The quality of the coffee, as described hereinafter, is enhanced, at least to a degree, by packing it in a self-pressurizing package 100 of the present invention, even if the coffee is not packed immediately after roasting and grinding, i.e., some benefits are provided even if the roasted and ground coffee undergoes a normal hold time for degassing prior to packaging. Maximum benefits are, of course, achieved when little or no off gassing is permitted to occur prior to packing.
From the collective prior art teachings of Prof. Dr. Dr. h. c. R. Heiss, et al. in an article entitled PACKAGING AND MARKETING OF ROASTED COFFEE in ASIC. 8e Colloque, Abidjan, 1977, pp. 1631/4, November 28-December 3; O. G. Vitzthum and P. Werkhoff in an article entitled CHANGES OF THE AROMA OF ROAST COFFEE IN O2 -PERMEABLE BAG PACKS in Chem. Mikrobiol. Technol. Lebensm., Vol. 6; pp. 25-30 (1979); and R. Radtke in a paper entitled SURVEY OF THE PRESENT CONDITION OF PACKAGING TECHNOLOGY FOR ROASTED COFFEE WITH SPECIAL CONSIDERATION OF FLAVOR RETENTION in 6th INT. Colloq. on Coffee Sci., ASIC, Bogota, pp. 188-98, June 4-9, 1973, all of which references are hereby incorporated herein by reference, it is believed that degradation of coffee quality normally occurs in three stages: (1) loss of aroma; (2) oxidation of flavor components; and (3) fat rancidity. These stages and their causes are discussed in greater detail in the following paragraphs.
(1) Loss of aroma.
Although in-container aroma is not necessarily related to the cup quality of coffee, the aroma is an attribute that is highly desirable to consumers. It is believed that aroma volatiles are often lost by holding roast coffee in bins exposed to the atmosphere prior to packing as well as by storage in a package that is either gas permeable or, if pot gas permeable, is not effectively resealed after opening.
(2) Oxidation of flavor components.
This is believed to be a result of oxygen exposure to the product. Potential sources of oxygen include exposure of coffee to air prior to packing (especially during degassing), insufficient elimination of oxygen from the package before sealing, transmission of oxygen through a gas permeable package and/or ingress of oxygen through an ineffective reseal when opened packages are reclosed.
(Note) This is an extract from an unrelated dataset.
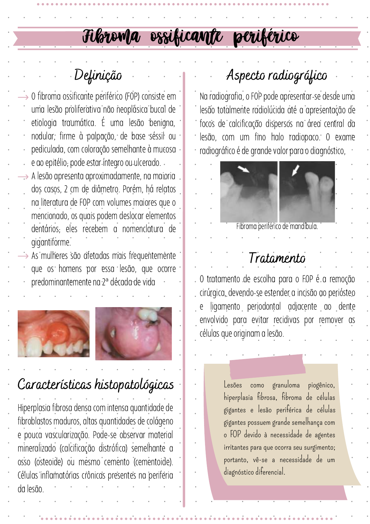 Definição O fibroma ossificante periférico (FOP) consiste em uma lesão proliferativa não neoplásica bucal de etiologia traumática. É uma lesão benigna, nodular, firme à palpação, de base séssil ou pediculada, com coloração semelhante à mucosa e ao epitélio; pode estar íntegro ou ulcerado. A lesão apresenta aproximadamente, na maioria dos casos, 2 cm de diâmetro. Porém, há relatos na literatura de FOP com volumes maiores que o mencionado, os quais podem deslocar elementos dentários; eles recebem a nomenclatura de gigantiforme. As mulheres são afetadas mais frequentemente que os homens por essa lesão, que ocorre predominantemente na 2ª década de vida Fibroma ossificante periférico Características histopatológicas Hiperplasia fibrosa densa com intensa quantidade de fibroblastos maduros, altas quantidades de colágeno e pouca vascularização. Pode-se observar material mineralizado (calcificação distrófica) semelhante a osso (osteoide) ou mesmo cemento (cementoide). Células inflamatórias crônicas presentes na periferia da lesão. Aspecto radiográfico Na radiografia, o FOP pode apresentar-se desde uma lesão totalmente radiolúcida até a apresentação de focos de calcificação dispersos na área central da lesão, com um fino halo radiopaco. O exame radiográfico é de grande valor para o diagnóstico, Fibroma periférico de mandíbula. Tratamento O tratamento de escolha para o FOP é a remoção cirúrgica, devendo-se estender a incisão ao periósteo e ligamento periodontal adjacente ao dente envolvido para evitar recidivas por remover as células que originam a lesão. Lesões como granuloma piogênico, hiperplasia fibrosa, fibroma de células gigantes e lesão periférica de células gigantes possuem grande semelhança com o FOP devido à necessidade de agentes irritantes para que ocorra seu surgimento; portanto, vê-se a necessidade de um diagnóstico diferencial.

Adsorption of oxygen (e.g., when product is held in degassing bins) occurs very rapidly. It is therefore expected that the freshness of coffee will be inherently better for product that experiences minimum exposure to air prior to packing because the initial oxygen load will be low.
(3) Fat rancidity.
This is believed to be caused by oxidation of coffee oils following extended exposure of the product to high oxygen levels. This effect is seldom seen by consumers.
It is believed that one of the benefits achieved by practice of the present invention is reduced exposure of the roasted coffee product to oxygen not only prior to packing, but also throughout the storage and use cycle once the package is in the control of the consumer. Another benefit achieved by practice of the present invention is improved retention of volatile aroma. It is believed that packing coffee which has not been allowed to undergo substantial off gassing after roasting in a semi-rigid, substantially gas-impervious package which will resist internally generated pressures caused by off gassing until the package is initially opened by the consumer and which can establish a reseal which is effective to substantially resist ambient atmospheric pressure changes, as these terms are defined earlier herein, is primarily responsible for the aforementioned benefits.
To demonstrate this point, identically prepared coffee was packed in packages 100 of the present invention and in vacuum packed metal cans (27 in Hg vacuum). Coffee was roasted in traditional fashion. It was then held in whole bean form for about one day and then in ground form for about 1/2 hour prior to packing. After 12 weeks aging under ambient indoor storage conditions, packages of each type were opened and the aroma gas chromatograph counts were measured using the procedure hereinafter described in detail:
Sample packages to be tested.
Metal dial thermometer having a scale ranging from 40° F. to 160° F.
Carle Basic Gas Chromatograph, Model No. GC9700, as available from Hach Company of Loveland, Colo.
Hewlett Packard 3390A Integrator, as available from Hewlett Packard Company of Rolling Meadows, Ill.
1 cc Pressure-Lok brand syringe, as available from Dynatech Precision Sampling Corporation of Baton Rouge, La.
Standard Gas Mixture (0.5% Methane in Nitrogen), as available from Matheson Gas Products of Twinsburg (Dayton), Ohio.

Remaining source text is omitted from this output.